M_1, M_2, M_3: masses of rocket stages

edit: A: a constant, mass of the payload

M = M_1+M_2+M_3

\frac{M+A}{A}=\frac{(1-S)^3N_1N_2N_3}{(1-SN_1)(1-SN_2)(1-SN_3)}

These N_is are functions of the three masses of the three stages.

The Attempt at a Solution

I went ahead and found the gradient vectors for both M and ln((M+A)/A).

\nabla M = \left< 1,1,1 \right>

\nabla \ln{\frac{M+A}{A}}=\nabla \left[\ln{(M+A)}-\ln{A}\right]=\left< \frac{1}{M+A},\frac{1}{M+A},\frac{1}{M+A} \right>

NB: these are grad vectors with respect to M_1,M_2,M_3

I have reasoned that these vectors are pointing in the same direction, so are therefore equivalent to each other, and so therefore could be substituted for one another in the Method of Lagrange Multipliers.

Or more formally, when using the Method of Lagrange Multipliers

\nabla M = k \nabla \ln{\frac{M+A}{A}} = \lambda \nabla constraint

But since k and lambda are constants, the k could just be absorbed into the lambda and the system solved in a similar, valid way.

Am I right? If not, why not? :)

 

[Ray Vickson]

Homework Statement

This is actually an Applied Project in the text, and overall is quite a large problem, so I won't post the entire thing, as there are lots of equations and steps where the text guides me by saying "show that...this thing...then...show that this other thing..."
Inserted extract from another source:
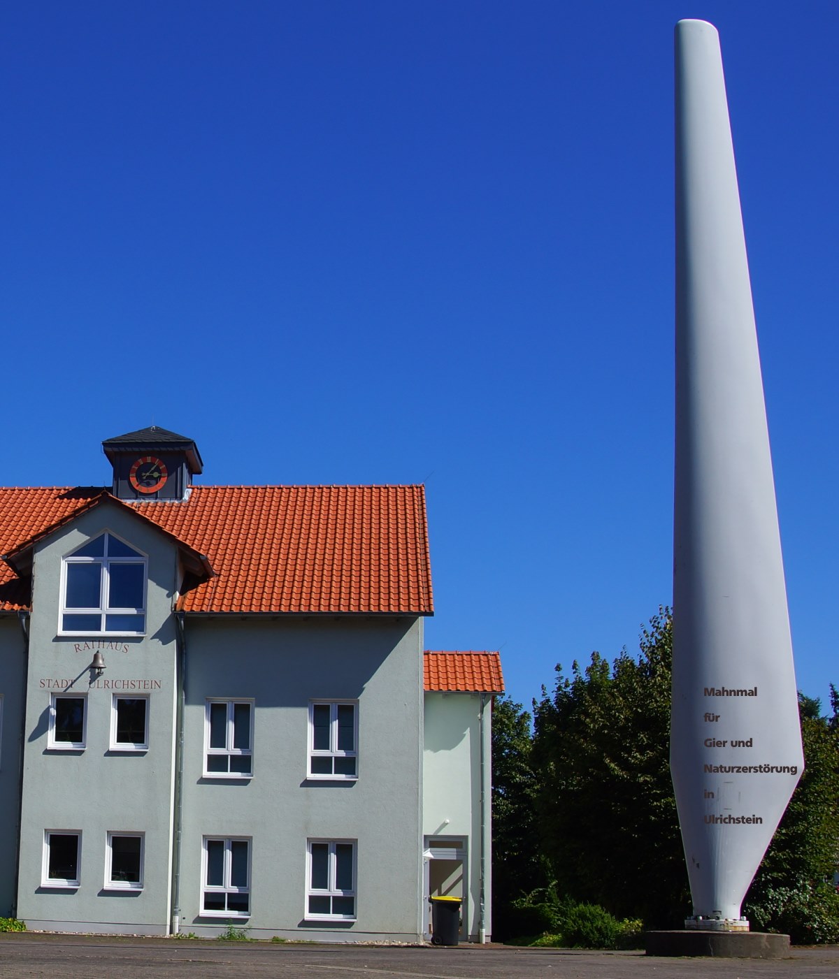 Der erste Windpark in einem deutschen Mittelgebirge wurde im Jahre 1994 in Ulrichstein errichtet. Seitdem fahren die Stadtverantwortlichen voll auf diese, für die Stadt ertragreiche Einnahmequelle ab. Um ihr Gewissen zu beruhigen hat man eine Möglichkeit aus dem Mittelalter wieder entdeckt. Ein prunkvolles, für diesen kleinen Ort, überdimensioniertes Rathaus, zeugt von dem Reichtum des kleinen Städtchens. Die schön herausgeputzten kleinen Fachwerkhäusern kam dieser Reichtum ebenfalls voll zu gute.

What I need to know, is if my reasoning on one particular step is valid or not.

So, the overall objective is to find an expression for the minimal weights of each of 3 stages of a rocket based on various constant factors and a constraint that a given final velocity be reached.

3) Verify that \ln{\frac{M+A}{A}} is minimized at the same location as M.

Homework Equations

v_f: final velocity

M_1, M_2, M_3: masses of rocket stages

edit: A: a constant, mass of the payload

M = M_1+M_2+M_3

\frac{M+A}{A}=\frac{(1-S)^3N_1N_2N_3}{(1-SN_1)(1-SN_2)(1-SN_3)}

These N_is are functions of the three masses of the three stages.

The Attempt at a Solution

I went ahead and found the gradient vectors for both M and ln((M+A)/A).
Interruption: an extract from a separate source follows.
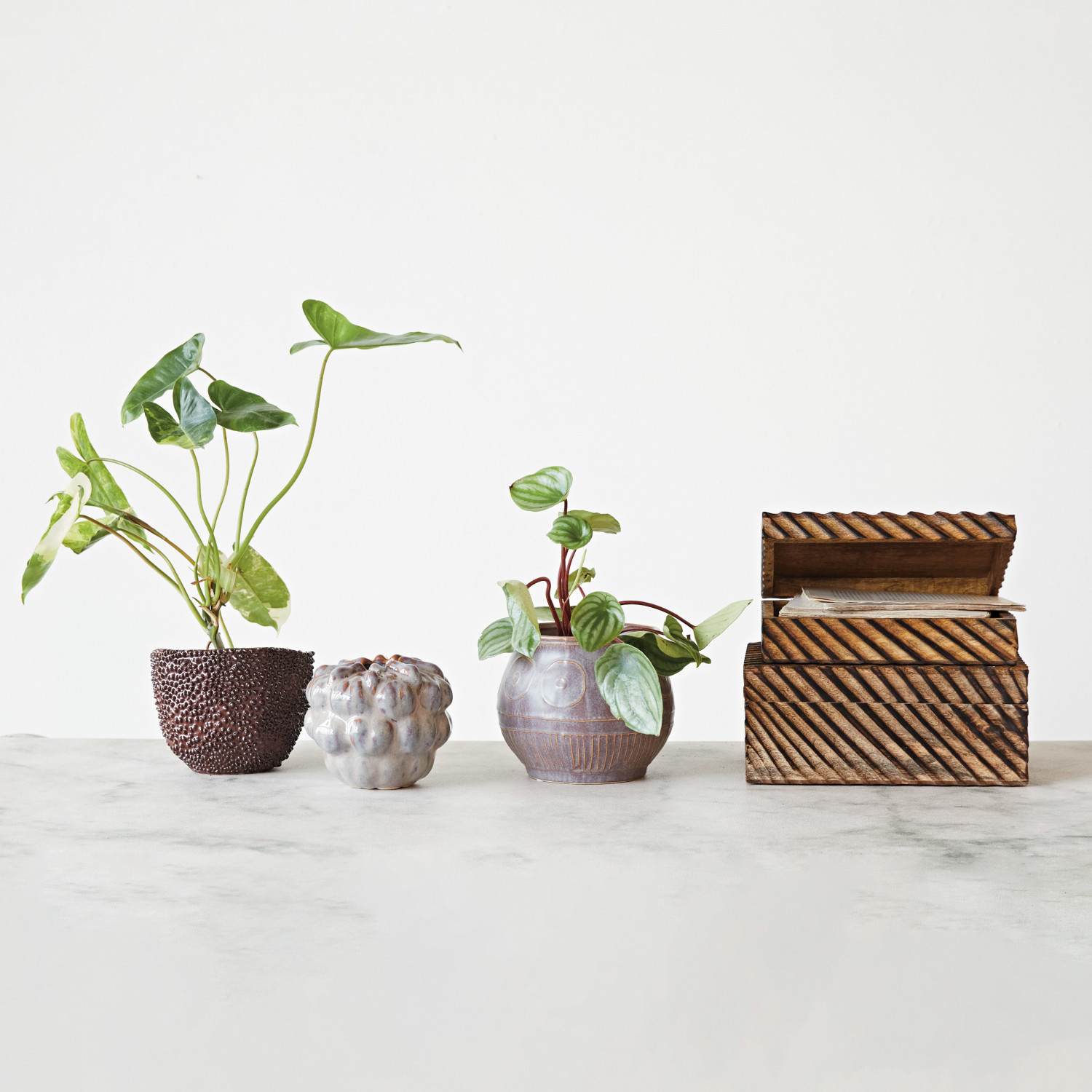 Embossed Stoneware Planter w/ Pattern (Holds 5" Pot) (Each One Will Vary)

\nabla M = \left< 1,1,1 \right>

\nabla \ln{\frac{M+A}{A}}=\nabla \left[\ln{(M+A)}-\ln{A}\right]=\left< \frac{1}{M+A},\frac{1}{M+A},\frac{1}{M+A} \right>

NB: these are grad vectors with respect to M_1,M_2,M_3

I have reasoned that these vectors are pointing in the same direction, so are therefore equivalent to each other, and so therefore could be substituted for one another in the Method of Lagrange Multipliers.

Or more formally, when using the Method of Lagrange Multipliers

\nabla M = k \nabla \ln{\frac{M+A}{A}} = \lambda \nabla constraint

But since k and lambda are constants, the k could just be absorbed into the lambda and the system solved in a similar, valid way.
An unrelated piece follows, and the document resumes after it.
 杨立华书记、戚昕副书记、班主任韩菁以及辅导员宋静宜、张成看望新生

Am I right? If not, why not? :)

No need to be so fancy; the result is automatically true, almost with no work. if $A$ is a positive constant, $M/A$ is minimized at the same point as $M$. Then, also, $1+ M/A$ is minimized at the same point. However, $1 + M/A = (M+A)/A$, so the latter is minimized at the same point as $M$. Finally, if $A,M > 0$, $\ln((A+M)/A)$ is a monotone strictly increasing function of $(A+M)/A$, so if we make $(M+A)/A$ as small (or large) as possible, we also make its logarithm as small (or large) as possible, and vice versa. That's all you need: it is not "rocket science", if you will forgive the term.